> **WORK REQUIRED**
Each line of the data below goes into the copy exactly; pictures do not.

> **RAW DATA**
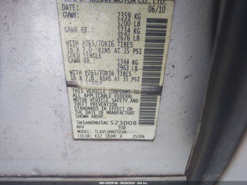 2010 NISSAN XTERRA - 5N1AN0NU3AC523008, цвет - Серебряный, 4.0, Бензин, из США
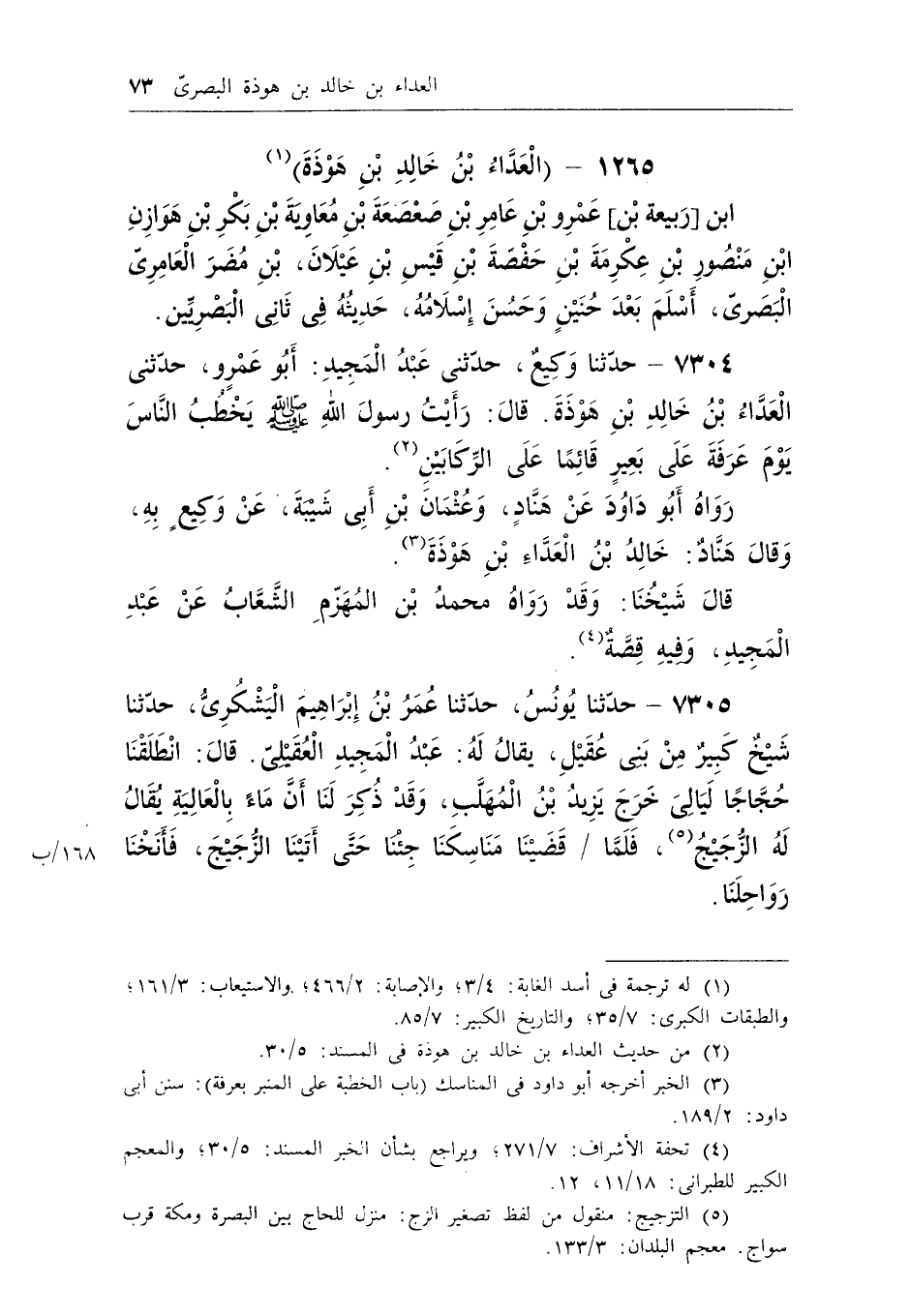 7304 - حدثنا وكيع، حدثنى عبد المجيد، أبو عمرو، حدثنى العداء بن خالد بن هوذة. قال: رأيت رسول الله - صلى الله عليه وسلم - يخطب الناس يوم عرفة على بعير قائما على الركابين (¬2) .
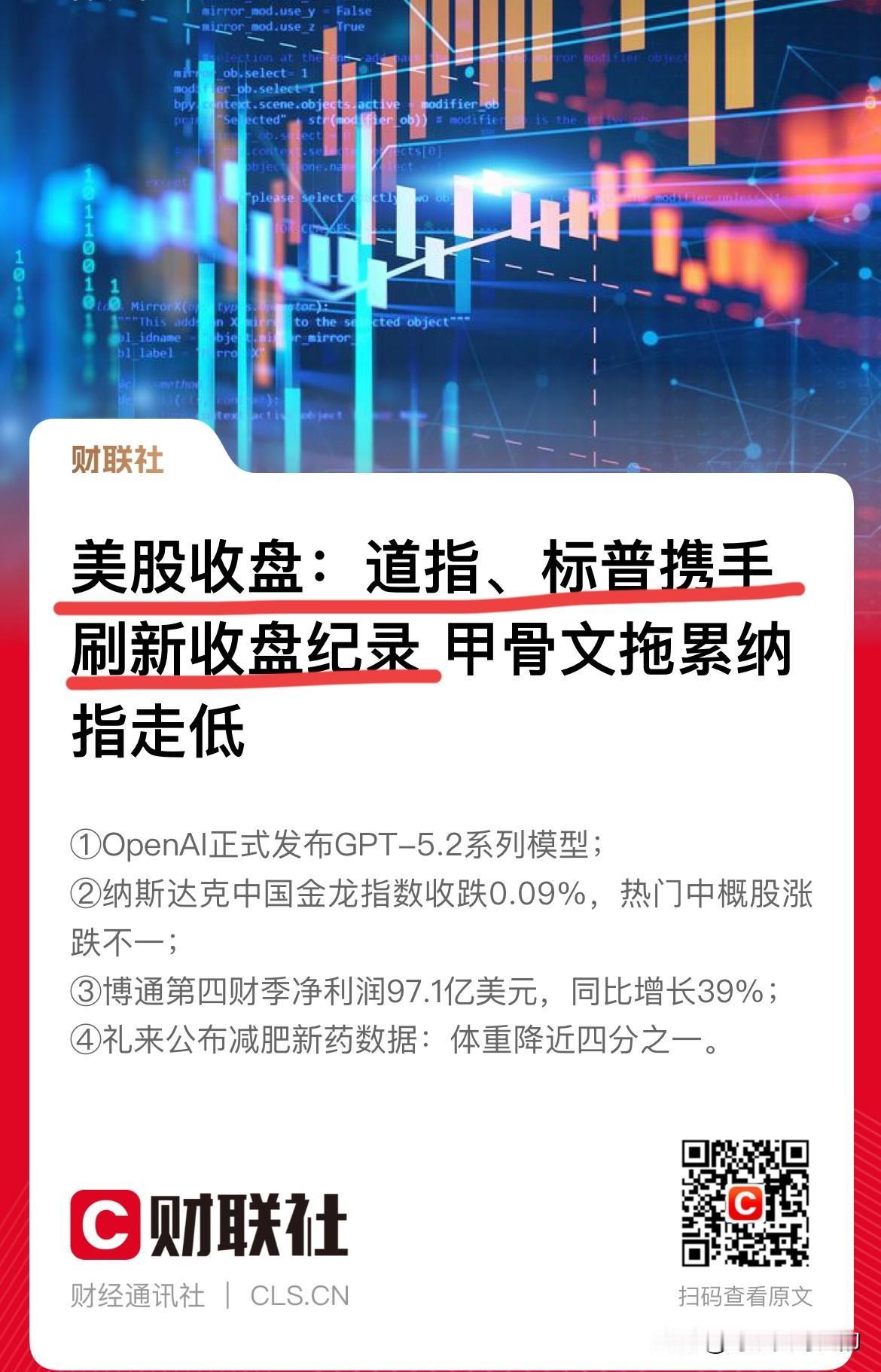 美股又又又新高了!大A今天应该能涨了吧? 昨晚在纳指和标普大幅低开的情况下,道指却是小幅低开,而在开盘后则是一路上扬,很快就突破了前高,最终创下了48756.34的新纪录,距离5万点只有一步之遥了! 而标普虽然低开,但是却是顽强的在尾盘翻红,虽然指数未能创新高,但是却是创下收盘新高! 昨晚科技股普跌,英伟达一度跌近4%,收盘仍跌1.8%,甲骨文因为业绩不及预期一度跌超16%,收盘仍下跌10%!因此纳指盘中也一度跌了1.4%,不过尾盘跌幅大幅收窄,收盘仅下跌0.25%! 美股昨晚那么给力,而大A昨晚也传出要收拾量化,要知道大A股民可是苦量化久矣! 总之,希望今天能涨一天吧,真的是太难受了!

> **PROBLEM SOLUTION**
 2010 NISSAN XTERRA - 5N1AN0NU3AC523008, цвет - Серебряный, 4.0, Бензин, из США
 7304 - حدثنا وكيع، حدثنى عبد المجيد، أبو عمرو، حدثنى العداء بن خالد بن هوذة. قال: رأيت رسول الله - صلى الله عليه وسلم - يخطب الناس يوم عرفة على بعير قائما على الركابين (¬2) .
 美股又又又新高了!大A今天应该能涨了吧? 昨晚在纳指和标普大幅低开的情况下,道指却是小幅低开,而在开盘后则是一路上扬,很快就突破了前高,最终创下了48756.34的新纪录,距离5万点只有一步之遥了! 而标普虽然低开,但是却是顽强的在尾盘翻红,虽然指数未能创新高,但是却是创下收盘新高! 昨晚科技股普跌,英伟达一度跌近4%,收盘仍跌1.8%,甲骨文因为业绩不及预期一度跌超16%,收盘仍下跌10%!因此纳指盘中也一度跌了1.4%,不过尾盘跌幅大幅收窄,收盘仅下跌0.25%! 美股昨晚那么给力,而大A昨晚也传出要收拾量化,要知道大A股民可是苦量化久矣! 总之,希望今天能涨一天吧,真的是太难受了!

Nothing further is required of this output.